HOME | tmvl

Quality Matters:

Assessing cQA Pair Quality via Transductive Multi-view Learning

Abstract

Community-based question answering (cQA) sites have become important knowledge sharing platforms, as massive cQA pairs are archived, but the uneven quality of cQA pairs leaves information seekers unsatisfied. Various efforts have been dedicated to predicting the quality of cQA content. Most of them concatenate different features into single vectors and then feed them into regression models. In fact, the quality of cQA pairs is influenced by different views, and the agreement among them is essential for quality assessment. On the other hand, the lacking of labeled data significantly hinders the quality prediction performance. Toward this end, we present a transductive multi-view learning model. It is designed to find a latent common space by unifying and preserving information from various views, including question, answer, QA relevance, asker, and answerer. Additionally, rich information in the unlabeled test cQA pairs are utilized via transductive learning to enhance the representation ability of the common space. Extensive experiments on real-world datasets have well-validated the proposed model.

TMvL Model Optimization

We adopt the alternating strategy to minimize our objective function. We first fix w and optimize O w.r.t X^(0) with gradient descent. Then we fix X^(0), and calculate the closed-form solution to w. Click here for detailed optimization process.

Data Description

Two datasets crawled from StackExchange were utilized in our experiments. The first one is from English subsite, and the other one is from Game subsite. All these two datasets contains information extracted from questions, answers, askers, and answerers.
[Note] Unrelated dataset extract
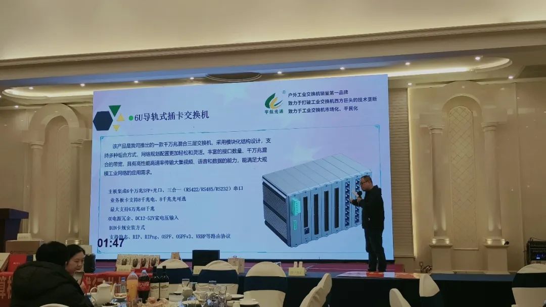地市交流會上,宇航工業交換機區域負責人給大家介紹了公司以及公司的產品,也詳細分析了工業交換機和商業交換機的區別,同時也向匯報了公司的現狀和未來的發展。宇航光通是聚焦在工業交換機生產和銷售的企業,上千個產品規格,上萬個型號,被稱為工業交換機“沃爾瑪”。目前,宇航大概參加了3500個大大小小的工程項目,產品輻射40多個國家和地區,目前在連接運行的設備超過了800萬臺。

The English dataset contains 26,746 questions, and 28,271 users (askers and answerers).
The Game Dataset contains 27,877 questions, and 24,079 users (askers and answerers).

The datasets are well formated with JSON form. Click here to download.

Code Publication

The code of our TMvL model is available. It is implemented with the help of python NumPy.

Click here to download.

Volunteer Annotation Guideline

5: The question is clear, and the answer well resolves the question. The question and the answer are well organized without typos and ambiguities.

4: The answer resolves the question. The question and the answer is understandable with some minor typos.

3: The answer resolves the question, but users need to read the question or answer several times to understand.

2: The question is partly resolved and there are less useful information in the QA pair.

1: The question and answer are difficult to understand. The answer is not related to the question.